=== Section Start ===

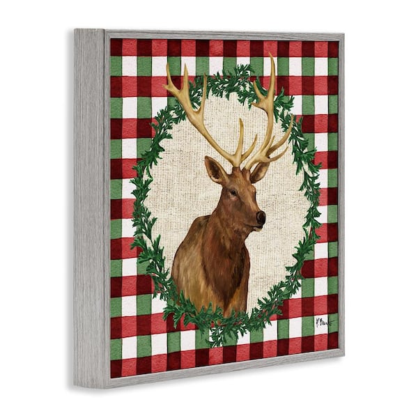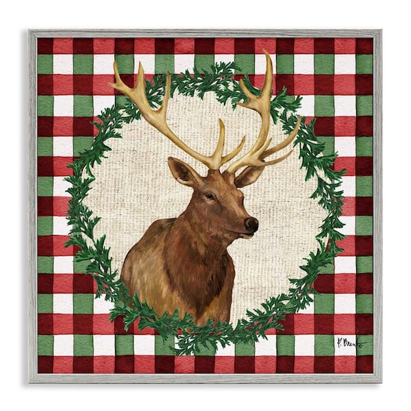 Plaid Holiday Elk by Paul Brent Gray Framed Animal Giclee Art Print 24 in. x 24 in.
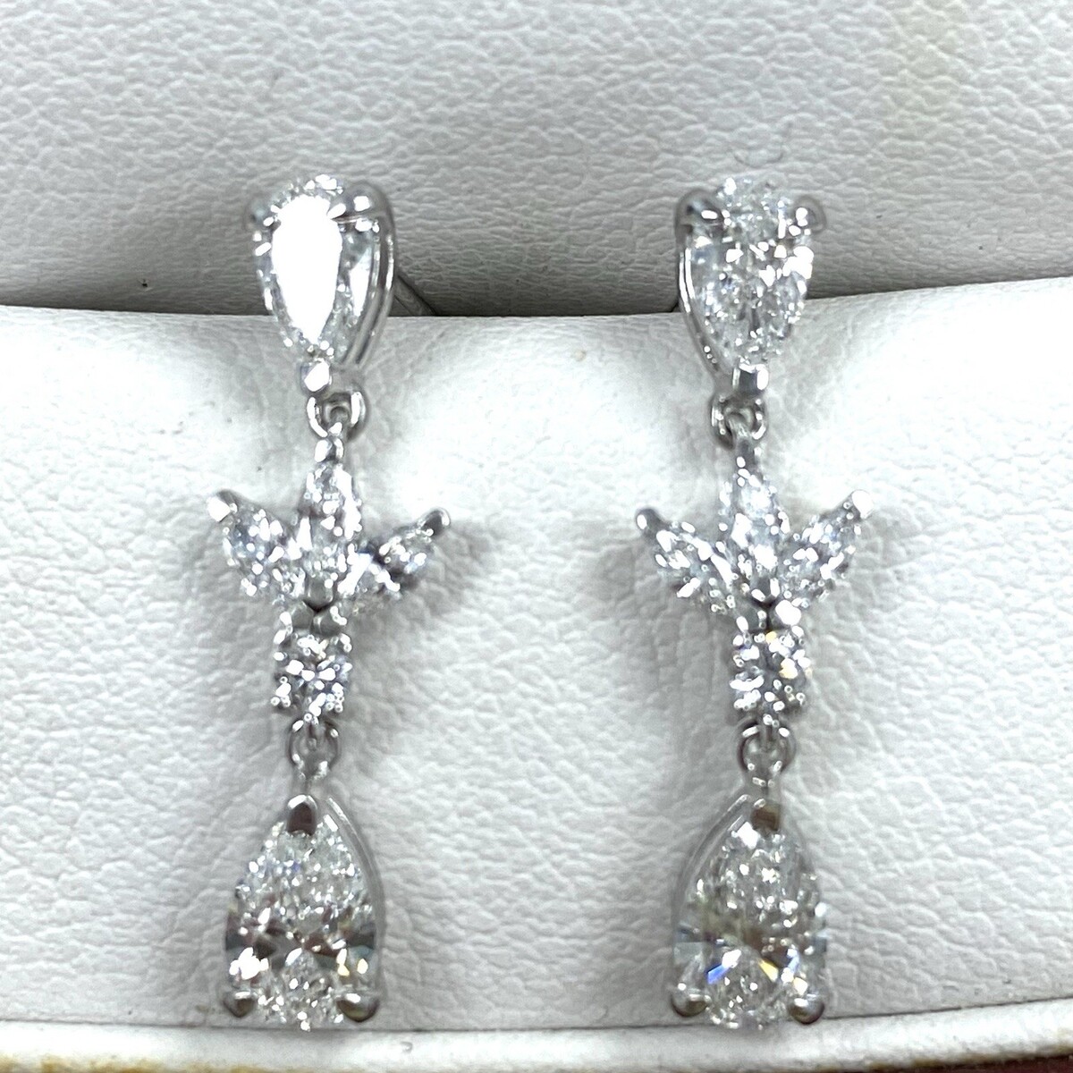 Ces boucles d'oreilles sont absolument superbes! La combinaison d'une pierre centrale de coupe brillante en laboratoire avec marquise en laboratoire et diamants ronds situes en or blanc 14 carats doit creer un effet eblouissant. Les diamants cultives en laboratoire offrent non seulement la beaute mais aussi la durabilite, ce qui est un merveilleux choix pour ceux qui sont conscients de l'impact environnemental. Ces boucles d'oreilles sont sûrs d'ajouter l'elegance et sparkle a tout ensemble de mariee. Le poids total des carats est de 2,00 carats. Nos produits sont tous fabriques a la main avec de la qualite et des soins, au c?ur du district de Diamond sur la 47th Street a New York. Notre devouement et notre engagement envers le travail et la qualite fins depassent tous les autres. Etant do
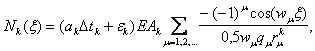 где аk — коэффициент линейных температурных деформаций бетона конструкций, образующий продольный пояс k; Dtk — расчетный перепад средних температур продольного пояса k; ek — расчетное изменение деформаций усадки бетона, образующего продольный пояс k; ЕAk — продольная жесткость k-го пояса (при k > 1 ЕAk = EA); wm = (2m ‑ 1) p/2; (30) x — безразмерная координата, отсчитываемая вдоль длины составной системы с началом отсчета по ее середине (0 £ x £ 1); b1, b — погонные жесткости при сдвиге продольных связей соответственно в первом и всех остальных ярусах составной системы;
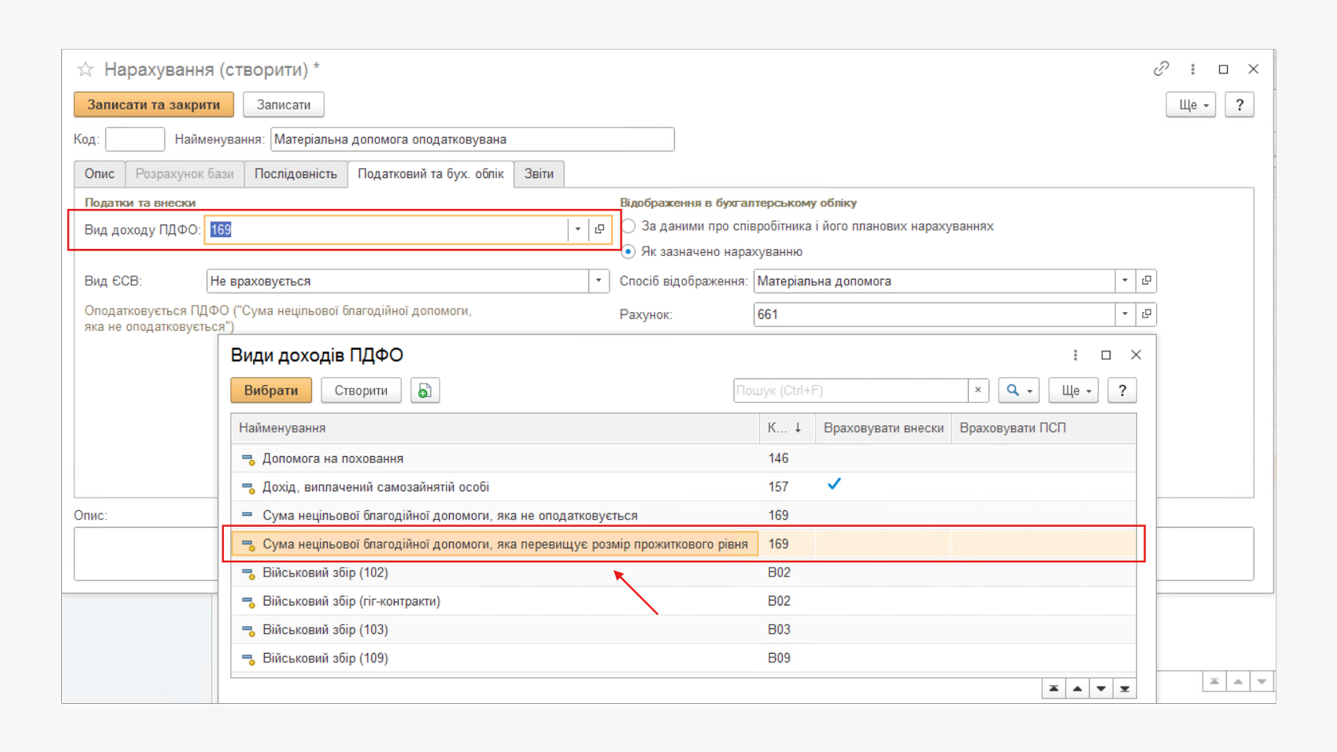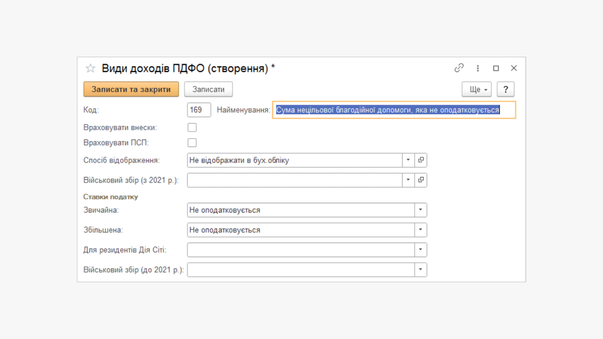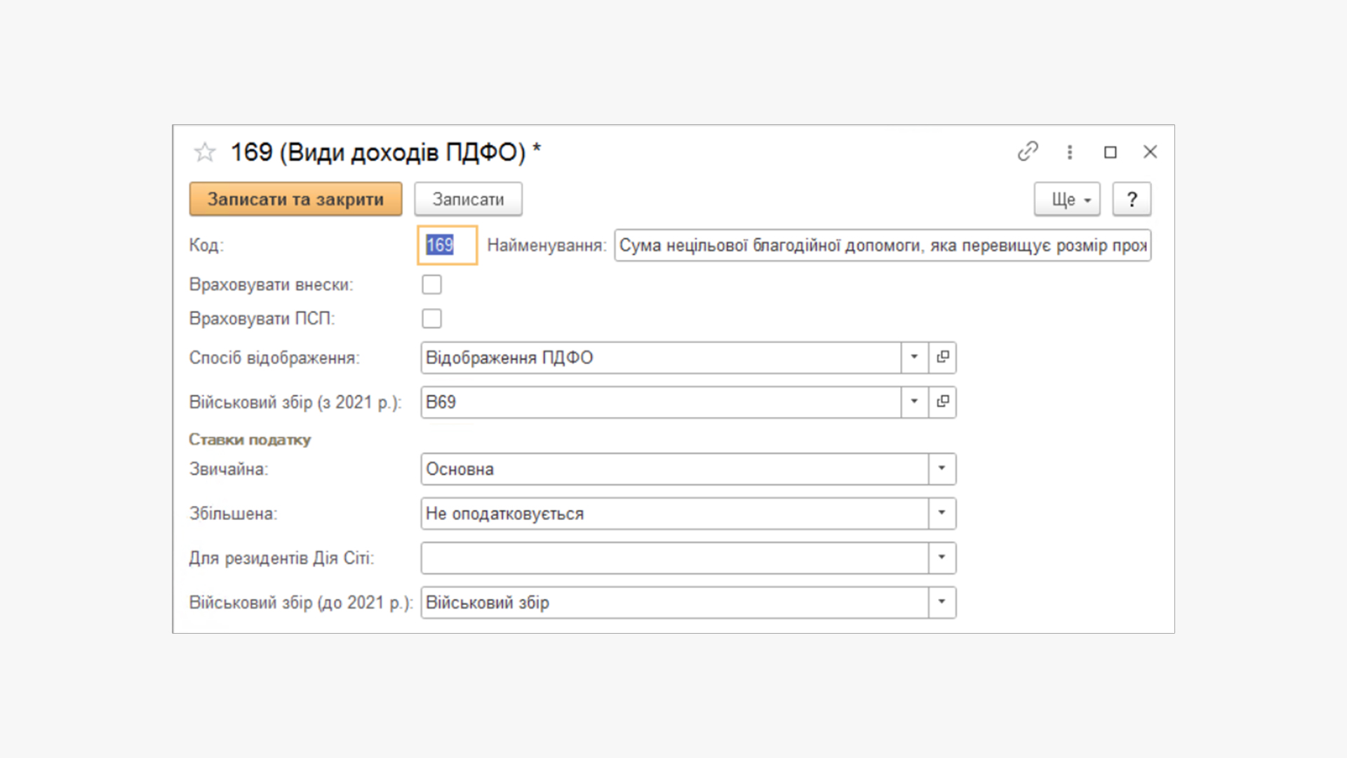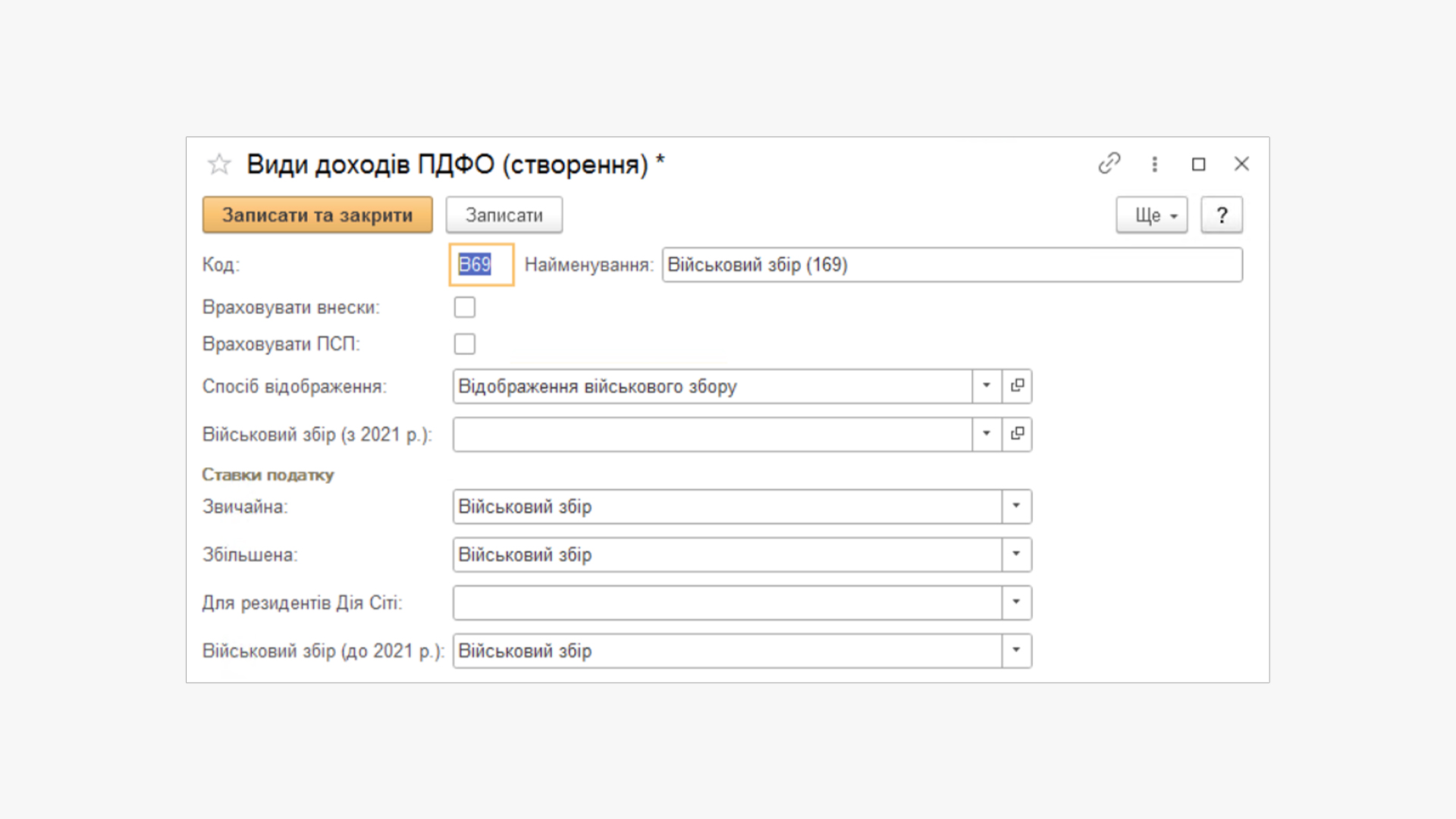 Для початку створимо вид доходу Військовий збір для оподатковуваної матеріальної допомоги (рекомендуємо задати для нього код В69, тобто будемо мати ПДФО з кодом 169 та

=== Section End ===

** WORK TO COMPLETE **
Set down the full listing above with its wording unchanged. Leave out its images.

** WRITTEN RESPONSE **
 Plaid Holiday Elk by Paul Brent Gray Framed Animal Giclee Art Print 24 in. x 24 in.
 Ces boucles d'oreilles sont absolument superbes! La combinaison d'une pierre centrale de coupe brillante en laboratoire avec marquise en laboratoire et diamants ronds situes en or blanc 14 carats doit creer un effet eblouissant. Les diamants cultives en laboratoire offrent non seulement la beaute mais aussi la durabilite, ce qui est un merveilleux choix pour ceux qui sont conscients de l'impact environnemental. Ces boucles d'oreilles sont sûrs d'ajouter l'elegance et sparkle a tout ensemble de mariee. Le poids total des carats est de 2,00 carats. Nos produits sont tous fabriques a la main avec de la qualite et des soins, au c?ur du district de Diamond sur la 47th Street a New York. Notre devouement et notre engagement envers le travail et la qualite fins depassent tous les autres. Etant do
 где аk — коэффициент линейных температурных деформаций бетона конструкций, образующий продольный пояс k; Dtk — расчетный перепад средних температур продольного пояса k; ek — расчетное изменение деформаций усадки бетона, образующего продольный пояс k; ЕAk — продольная жесткость k-го пояса (при k > 1 ЕAk = EA); wm = (2m ‑ 1) p/2; (30) x — безразмерная координата, отсчитываемая вдоль длины составной системы с началом отсчета по ее середине (0 £ x £ 1); b1, b — погонные жесткости при сдвиге продольных связей соответственно в первом и всех остальных ярусах составной системы;
 Для початку створимо вид доходу Військовий збір для оподатковуваної матеріальної допомоги (рекомендуємо задати для нього код В69, тобто будемо мати ПДФО з кодом 169 та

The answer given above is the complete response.